_Task description:_ For the listing below, return the line containing "[네이버클라우드플랫폼] Server 생성", the line containing "Nach der Eröffnung", and all lines in between, exactly as written and nothing else.

_Records to use:_
-=-=-

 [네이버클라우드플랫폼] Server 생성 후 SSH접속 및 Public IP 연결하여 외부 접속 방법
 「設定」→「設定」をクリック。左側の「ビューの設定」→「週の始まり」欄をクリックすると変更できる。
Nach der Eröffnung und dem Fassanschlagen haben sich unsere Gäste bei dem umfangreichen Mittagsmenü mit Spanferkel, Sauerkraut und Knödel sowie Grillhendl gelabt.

-=-=-

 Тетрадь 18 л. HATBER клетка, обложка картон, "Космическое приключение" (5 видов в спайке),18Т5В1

-=-=-

_Result of the task:_
 [네이버클라우드플랫폼] Server 생성 후 SSH접속 및 Public IP 연결하여 외부 접속 방법
 「設定」→「設定」をクリック。左側の「ビューの設定」→「週の始まり」欄をクリックすると変更できる。
Nach der Eröffnung und dem Fassanschlagen haben sich unsere Gäste bei dem umfangreichen Mittagsmenü mit Spanferkel, Sauerkraut und Knödel sowie Grillhendl gelabt.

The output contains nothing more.